Ando pela casa com as mãos abertas diante do
corpo, à procura. Preciso de atear qualquer coisa.
Penso nos rituais antigos do bolo e da vela e do
fumo que comunga com os deuses e quero um
gesto simbólico. Uma oferenda a uma deusa por
nomear. Garantir que desta vez acaba mesmo.
Procuro uma imagem tua, ver-te-ei arder como uma
adolescente despeitada, mas não tenho uma única
fotografia. Estão todas no telemóvel. Queimá-lo?
Não, pouso tudo no chão da varanda e queimo os
bilhetes da nossa primeira viagem de avião. Soltase
um fumo tetro e alto que me faz tossir. Penso
num desejo, penso em vários, o meu desejar
contradiz-se. Oxalá soubesse o que pedir.

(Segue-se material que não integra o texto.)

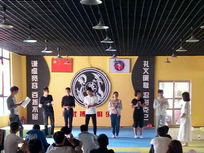 首先,会议以一首动听的吉他音乐开场,接着由主持人杨粤薇和杨兰介绍各位参会来宾并欢迎17级新生加入武术协会。随后由现任会长林静上台致辞,他再次表达了对到场来宾的欢迎和感谢,并表达了自己对17级新生寄予的厚望,希望他们能够在武术协会大家庭一起学习,紧接着由副会长仝志浩对新生制定的大学规划进行了简单的询问,并表示无论在生活、学习、还是感情上有问题都可以向他请教,现场响起了雷鸣般的掌声。之后由副书记介绍协会历史以及成员孙瑾瑾带来的表演吉他伴唱《小幸运》,期间与会成员们不约而同的跟着节奏唱了起来,会议进入一个高潮阶段,动听的音乐落下了最后一个音符,接着是游戏环节“金龙拍拍操”,协会新老成员一块上台,增进了彼此之间的关系,动脑动手的游戏结束后,由买仁萍和刘永鹏分别表演了心意六合拳和太极拳,这也体现了武术协会以武会友的精神,新生看的热血澎湃。然后到了最激动人心的抢红包环节,整个会场再次热闹起来,成员们纷纷拿起手机,期待自己是那唯一的一个运气王,紧张刺激的抢红包环节结束之后,由总教练买仁萍对武术协会的训练项目做了介绍,并希望新成员们能够坚持下去,因为坚持是成为高手的重要条件。见面会进行到最后,主持人宣布此次见面会圆满成功。

- Só se concretiza se apagares todas de um só sopro.
Ele arregala os olhos às três velas do bolo.
Cantamos. As palmas deixam-no excitado mas
assustado. Tu inclinas o corpo dele e incita-lo a
soprar, mas ele não governa ainda o sei próprio
fôlego. É a mãe que as sopra numa retaguarda
certeira. Os arabescos do fumo viajam numa
vertical: eu conheço esta linha. Procuro-te. Os
nossos olhos encontram-se. O teu filho pequeno
trinca uma vela e pede um desejo. O fumo sobe.
Olhamos o céu.
O teu filho mais novo faz anos e o meu nome
aparece entre os convidados. Já tinha estado à tua
porta mas nunca tinha entrado em tua casa. Está
imensa gente, a casa é linda: isto és tu por dentro.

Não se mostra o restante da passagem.